Dat geheim heeft te maken met de allereerste zin uit het eerste gebod. Want de Tien Geboden vallen niet met de deur in huis. Het is niet meteen: gij zult, gij moet en gij mag niet! Er gaat iets aan vooraf. De Tien Geboden openen met een zin waarmee onmiddellijk teruggegrepen wordt op het verleden. Het is alsof God duidelijk wil maken: ‘Israël, de woorden die jullie nu horen, komen van een God die jullie kennen door Zijn machtige daden’. Je kunt eigenlijk zeggen: boven de Tien Geboden zet God alvast Zijn handtekening.

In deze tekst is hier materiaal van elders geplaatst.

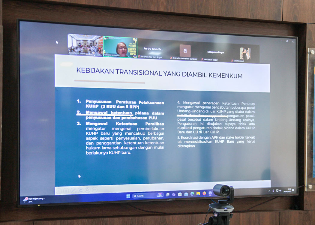 Bandung, Kamis 26 Juni 2025 – Kantor Wilayah Kementerian Hukum Jawa Barat (Kanwil KemenkumJabar) menyelenggarakan kegiatan Pendalaman Materi Pembinaan Perancang Peraturan Daerah dan Perancangan Peraturan Daerah, dengan tema “Implikasi Undang-Undang Nomor 1 Tahun 2023 tentang Kitab Undang-Undang Hukum Pidana terhadap Ketentuan Pidana Dalam Peraturan Daerah”.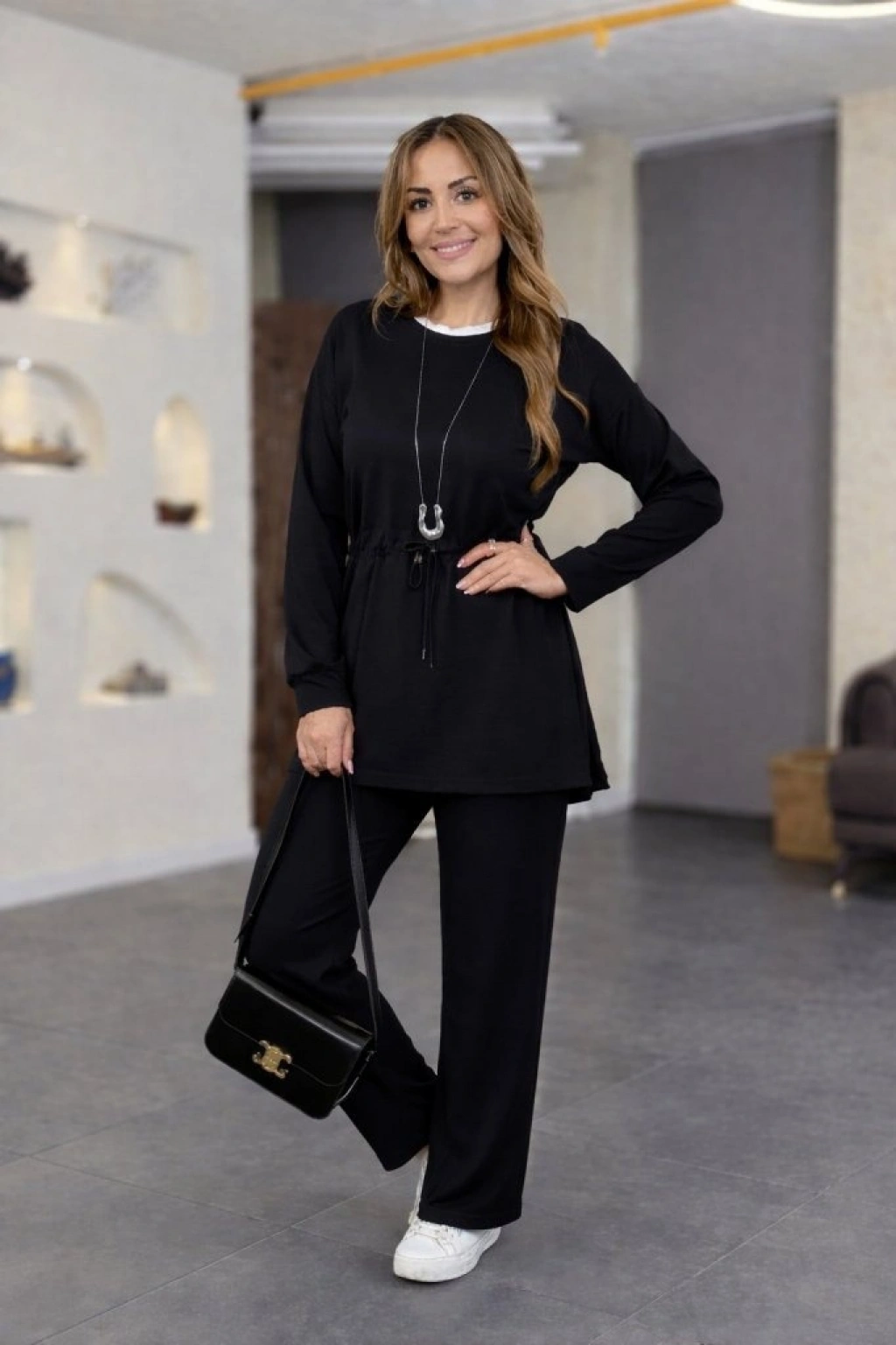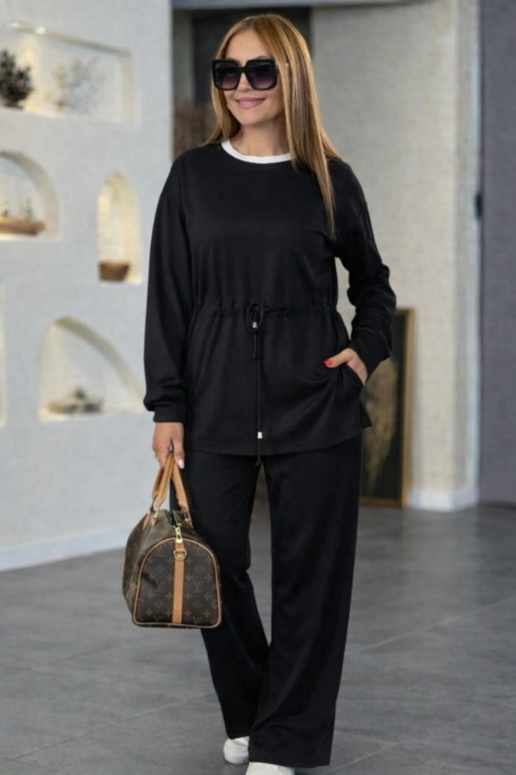 Kadın Uzun Kollu Bisiklet Yaka Belden Büzgülü Bağcıklı Viskon Iki Iplik Bluz Ve Pantolon Ikili Takım

‘Ik ben de Here, uw God, die u uit het land Egypte, uit het diensthuis, geleid heb.’ Voordat God zijn leefregels geeft, grijpt Hij terug op het verleden. En in dat verleden één belangrijk moment: de bevrijding uit de slavernij van Egypte. De ‘woorden’ (want dát staat er eigenlijk in de tekst van Exodus 20:3) zijn niet los verkrijgbaar. Je moet ze plaatsen in het licht van Gods bevrijdend handelen. Ze staan in het perspectief van de bevrijding uit de slavernij van Egypte, het diensthuis. Dat geldt ook voor ons als volgelingen van de Here Jezus. De ‘woorden’ zijn ook voor ons niet los verkrijgbaar, maar altijd verbonden met de bevrijding uit de slavernij van de zonde. Het zou ons nooit van onze levensdagen lukken om de Tien Geboden te houden. We struikelen er telkens weer over. We schieten eindeloos tekort.
We zijn verlost
Het wonder is dat wij nu niet meer vanuit onszelf, maar vanuit de bevrijding in het kruis van Jezus Christus mogen leven in overeenstemming met de ‘woorden’. Hij was de enige ware mens die de ‘woorden’ heeft gehouden. De filosoof Nietzsche heeft eens gezegd: ‘Hij was de enige echte christen en Hem hebben ze vermoord!’ Wat een heerlijk evangelie dat ons van alle kramp bevrijdt: wij hoeven onszelf niet te verlossen door de ‘woorden’ te houden, maar we zijn verlost en daarom mogen wij leven uit Gods ‘woorden’! En dat willen we ook, want de Heilige Geest wekt in ons het verlangen om God en de naaste daarin te dienen.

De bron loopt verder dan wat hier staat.